I am in my feels right now, and feeling a little ranty.
Childhood trauma is such a real thing. As kids, we often don’t even know what we are experiencing is trauma until we mature and start putting things together. Most of my trauma comes from my relationship, or lack thereof, with my biological father. Because of him, I grew up being told that girls are not as smart or as strong as boys. That a marriage is between a man and woman. That it is perfectly okay for teenage boys to have sexual relations, but not teenage girls. That I was too fat to dance. That talking while someone is on the phone is completely unacceptable. That speaking while someone is watching a sports game is also completely unacceptable. That getting hit on the bare-ass with a leather belt, is a perfectly fair punishment for all “crimes” committed. That a relationship with a daughter is not as important as a relationship with a son. That, as a girl, I essentially had nothing to give the world and nothing to be proud of myself for.
I didn’t know it until I started to heal my trauma, that all of this had lead me down a road of constantly looking for ways to make someone, anyone, proud of me. Fishing for compliments or doing things I wasn’t even comfortable with just to make someone like me. Portraying myself in a way that made people desire me, because I felt so undesirable. Not really knowing who I was outside of this person I had essentially created. Did I even like who I was? Did I know what I liked and disliked at any given time? I was a lost soul behind this happy go lucky creation I made.

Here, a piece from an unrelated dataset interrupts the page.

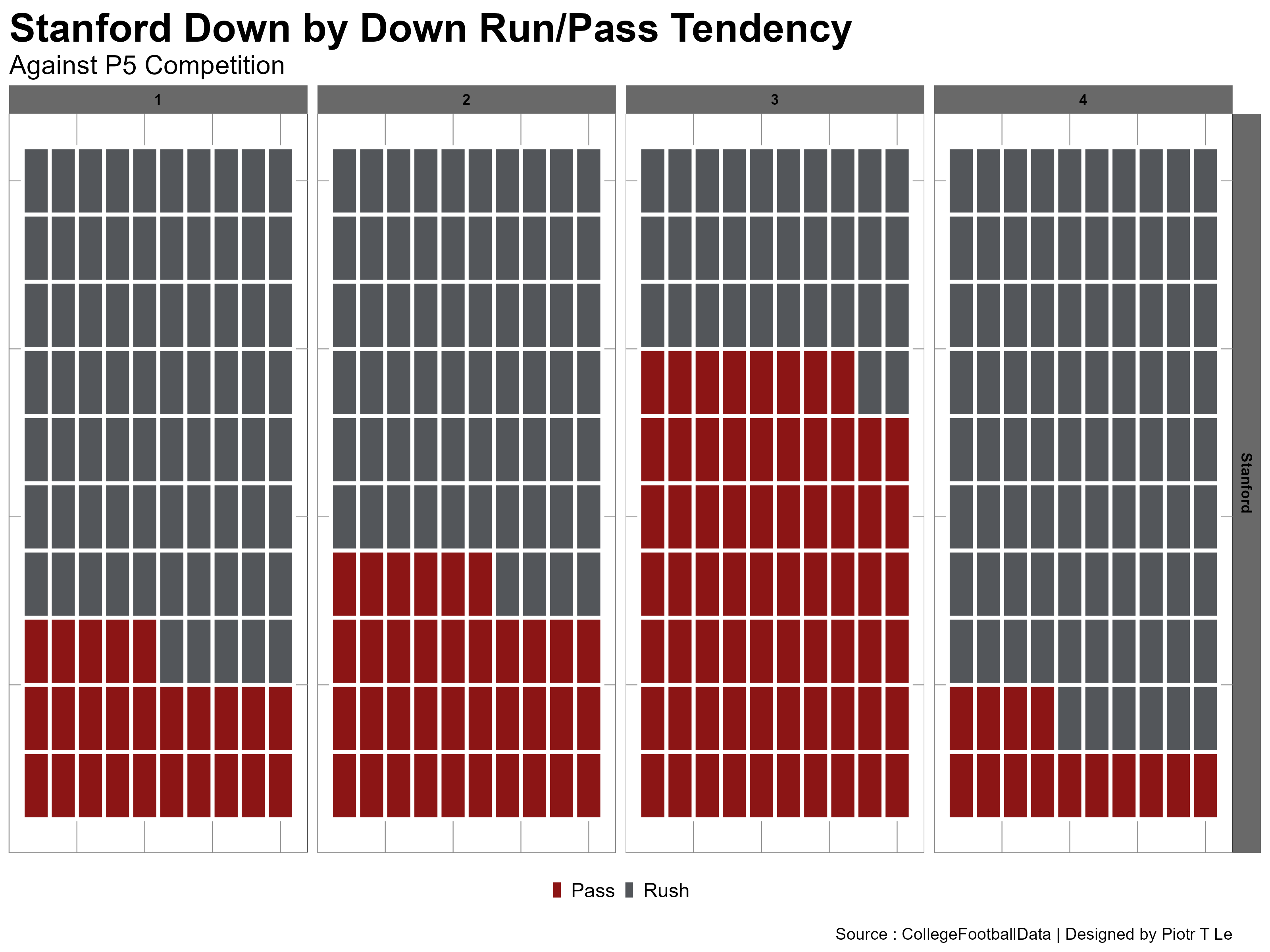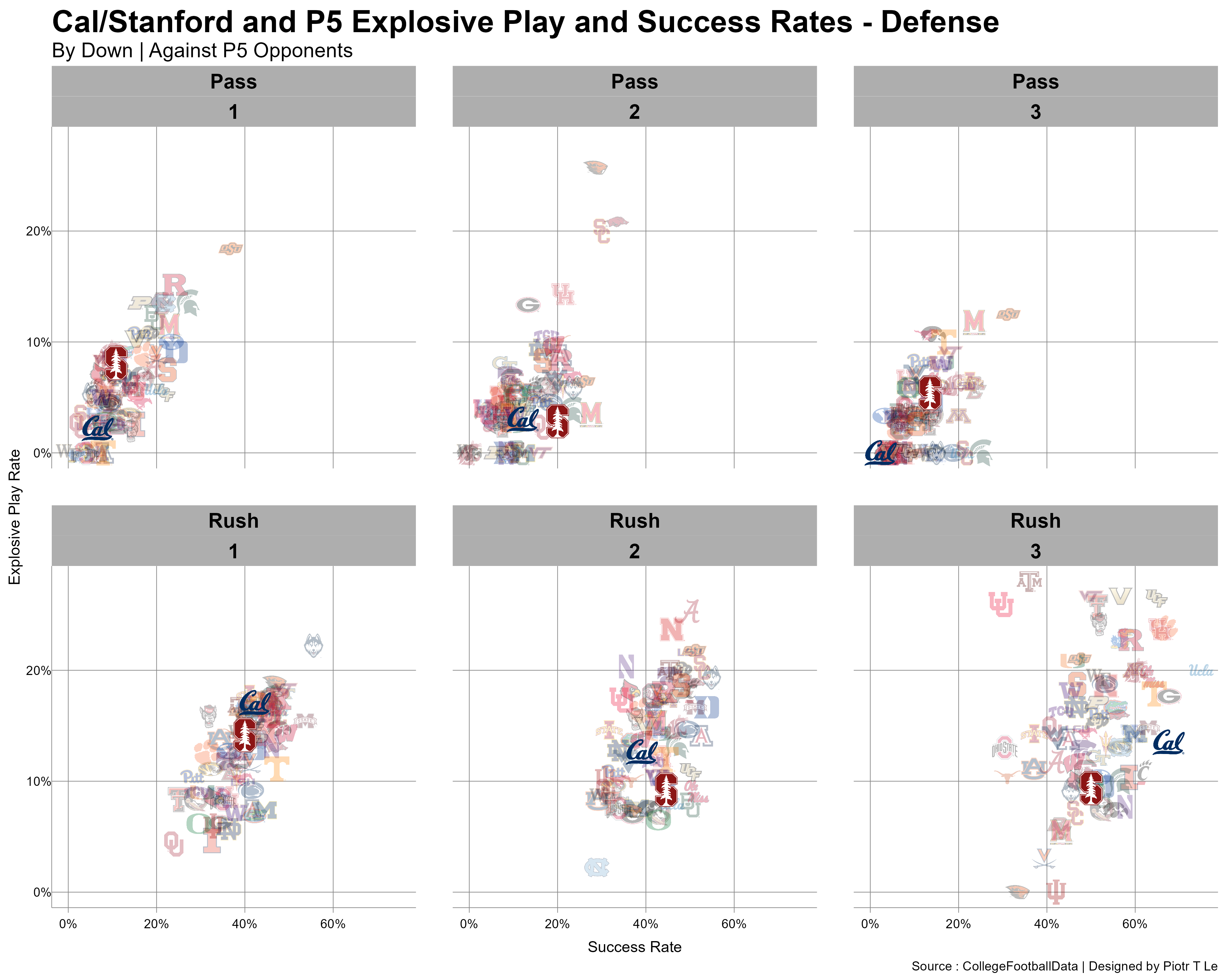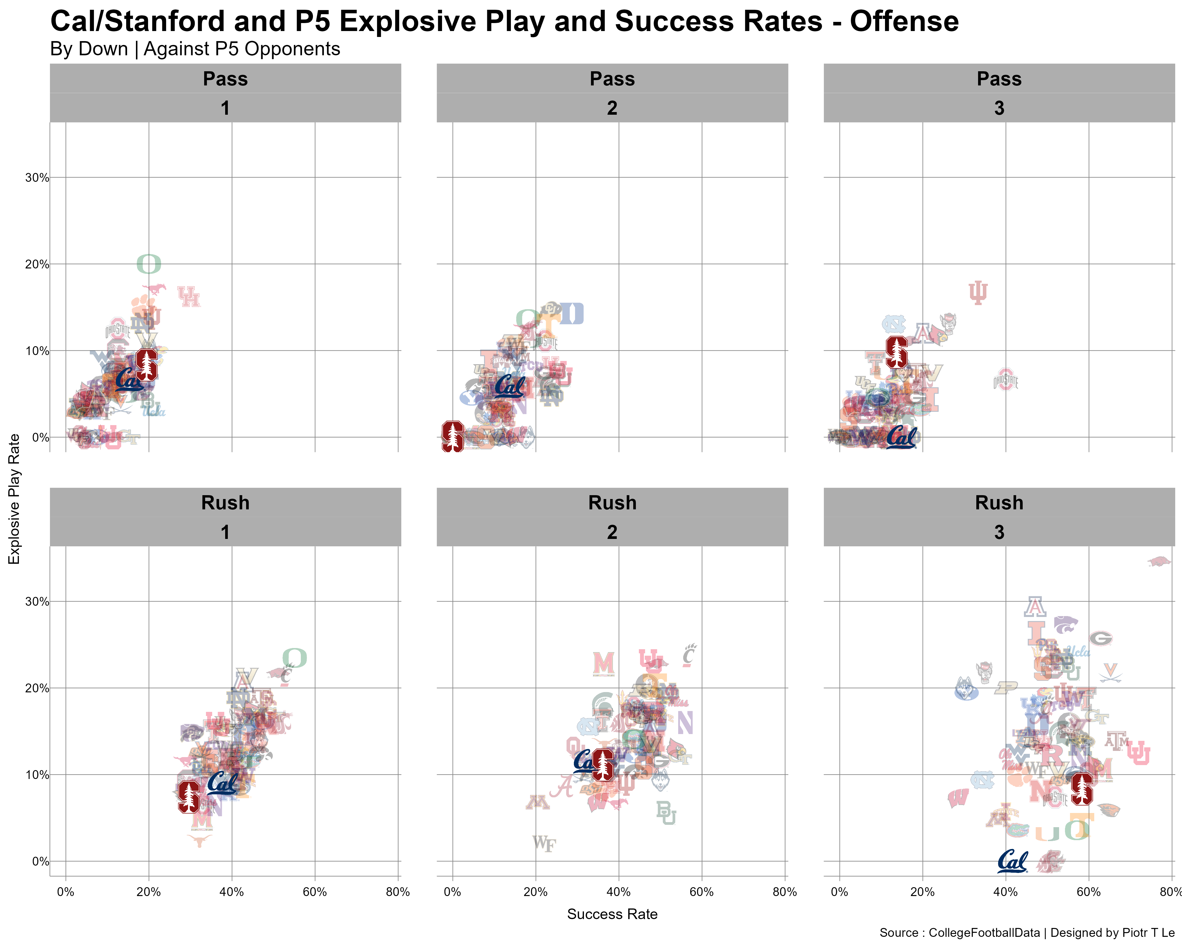 The run pass tendencies are very similar especially on 1st down where both teams try to run the ball on 1st downs. Likewise on 3rd down the passing game becomes the feature, likely due to the fact that both of the teams average 3rd downs are 6.9 for Cal and 6.55 for Stanford, both very bad.

I am 32 now; married with 3 kids, and I am still having to heal from the things from my past. Sometimes, I am still catching myself being upset when I don’t hear words of praise over my accomplishments. Wondering why it isn’t seen as something to be proud of. Comparing the response I get, to the response other people get for virtually the same things.
When I catch myself, I stop and I say to myself…
WHY SHOULD IT MATTER IF SOMEONE ELSE IS PROUD OF ME?! The only person I should worry about being proud of me, IS ME!
I am so damn proud of who I am today. I am strong, brave, and kind. I have not gave in to my dark thoughts and cannot count how many times I have had to pull myself out of them alone. I have all these diagnoses and refuse to let it stop me from living my best life. I am working towards my goals every single day. Not only am I doing all of these things that people do not see for myself, but I am also raising 3 kids and maintaining a household. I say that is a lot to be proud of!
This is not only a reminder for me, but a reminder for anyone else that you do not need to make anyone proud. The only person you need to be proud of you, IS YOU!
Keep going. Do what sets your soul on fire. Choose joy. Be proud of your damn self.